| WHAT THIS TASK INVOLVES |
In the records below, repeat word for word only the lines starting at the one that contains "Rams Signature - новый" and ending at the one that contains "Икона в киоте", pictures excluded.

START SOURCE MATERIAL

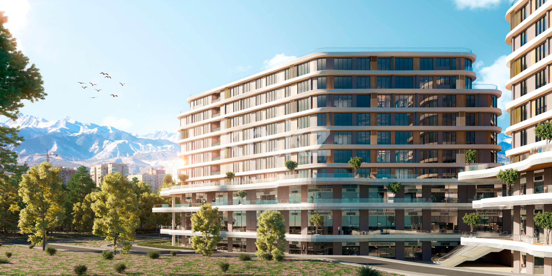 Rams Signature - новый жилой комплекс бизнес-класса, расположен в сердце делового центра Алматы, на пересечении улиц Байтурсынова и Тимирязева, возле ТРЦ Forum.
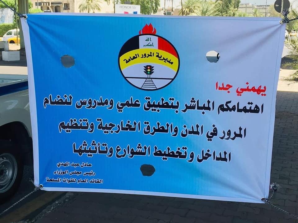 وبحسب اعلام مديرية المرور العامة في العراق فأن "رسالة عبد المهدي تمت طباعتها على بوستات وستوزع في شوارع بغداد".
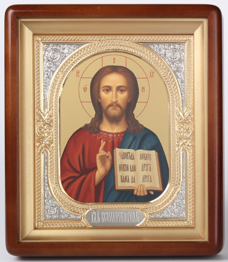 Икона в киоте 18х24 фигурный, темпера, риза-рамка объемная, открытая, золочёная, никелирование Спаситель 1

END SOURCE MATERIAL
START SOURCE MATERIAL

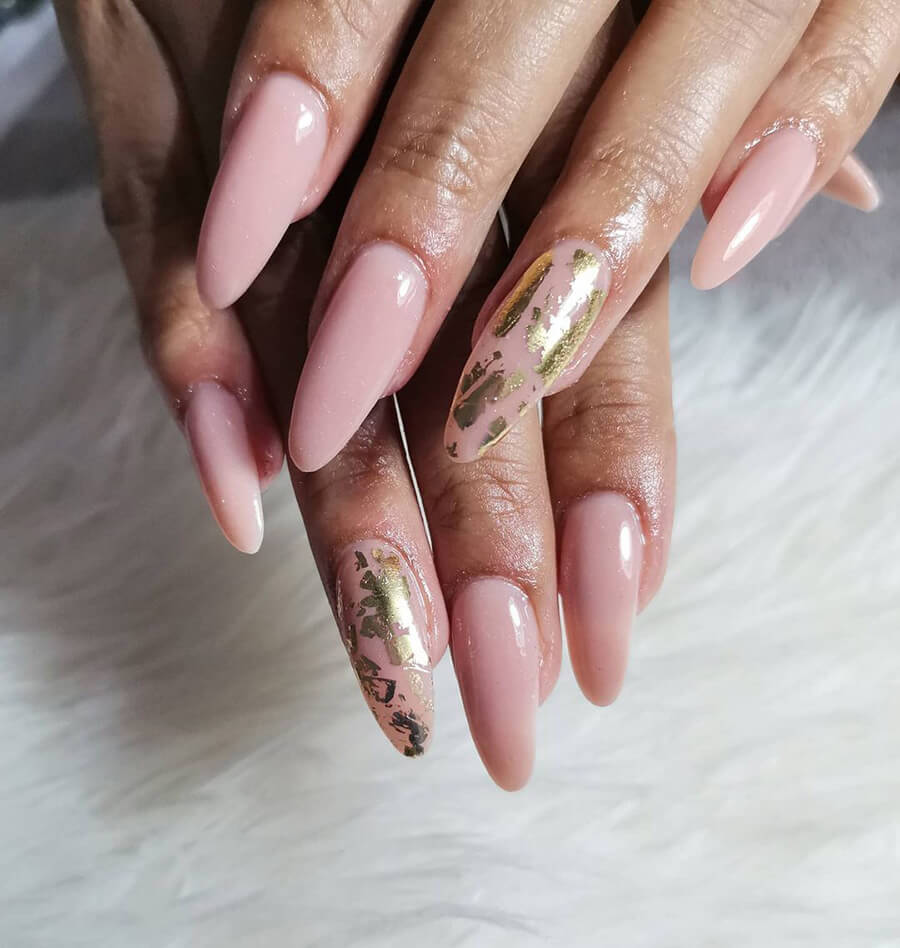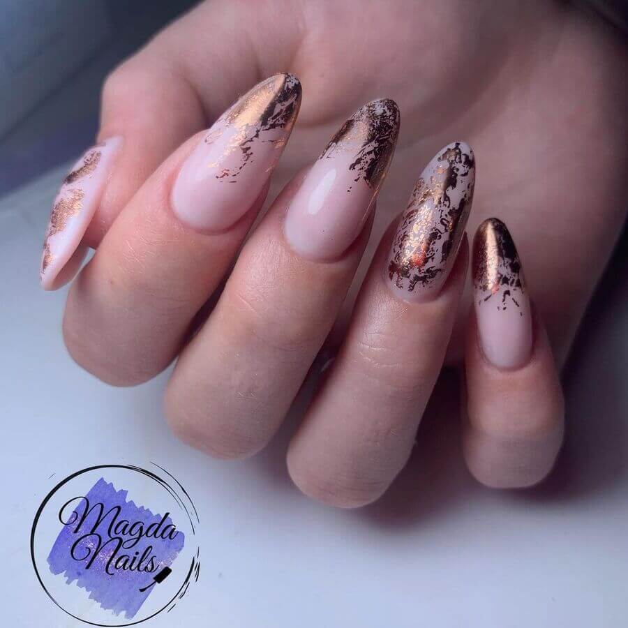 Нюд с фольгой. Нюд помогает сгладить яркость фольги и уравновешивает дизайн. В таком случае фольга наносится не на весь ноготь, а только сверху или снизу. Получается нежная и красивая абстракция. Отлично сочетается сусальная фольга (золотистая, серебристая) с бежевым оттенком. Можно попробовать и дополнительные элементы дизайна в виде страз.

END SOURCE MATERIAL
START SOURCE MATERIAL

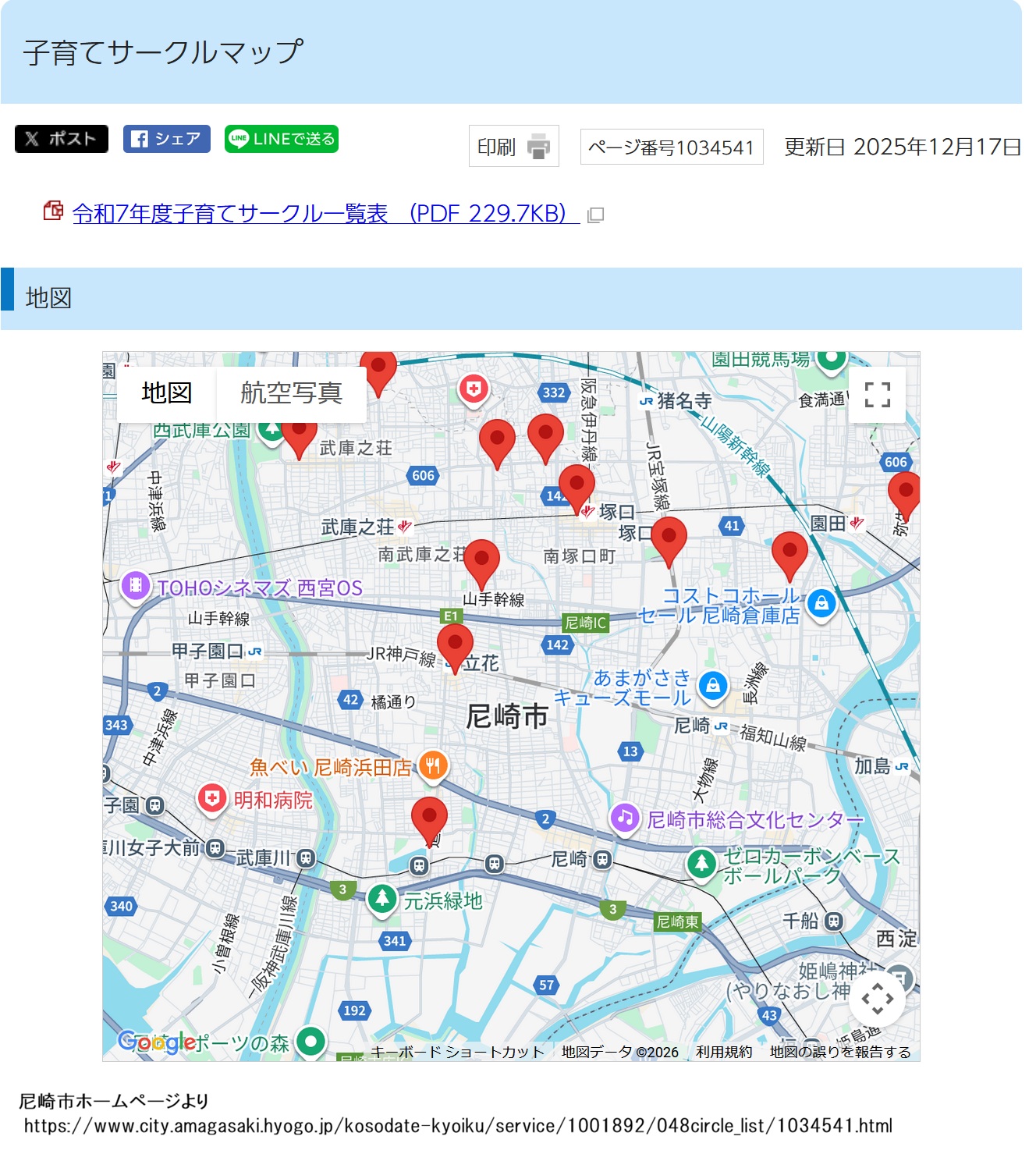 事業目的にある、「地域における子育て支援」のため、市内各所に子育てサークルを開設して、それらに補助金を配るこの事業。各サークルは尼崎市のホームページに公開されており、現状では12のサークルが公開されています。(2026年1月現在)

END SOURCE MATERIAL

| RESPONSE FOR THIS EXERCISE |
 Rams Signature - новый жилой комплекс бизнес-класса, расположен в сердце делового центра Алматы, на пересечении улиц Байтурсынова и Тимирязева, возле ТРЦ Forum.
 وبحسب اعلام مديرية المرور العامة في العراق فأن "رسالة عبد المهدي تمت طباعتها على بوستات وستوزع في شوارع بغداد".
 Икона в киоте 18х24 фигурный, темпера, риза-рамка объемная, открытая, золочёная, никелирование Спаситель 1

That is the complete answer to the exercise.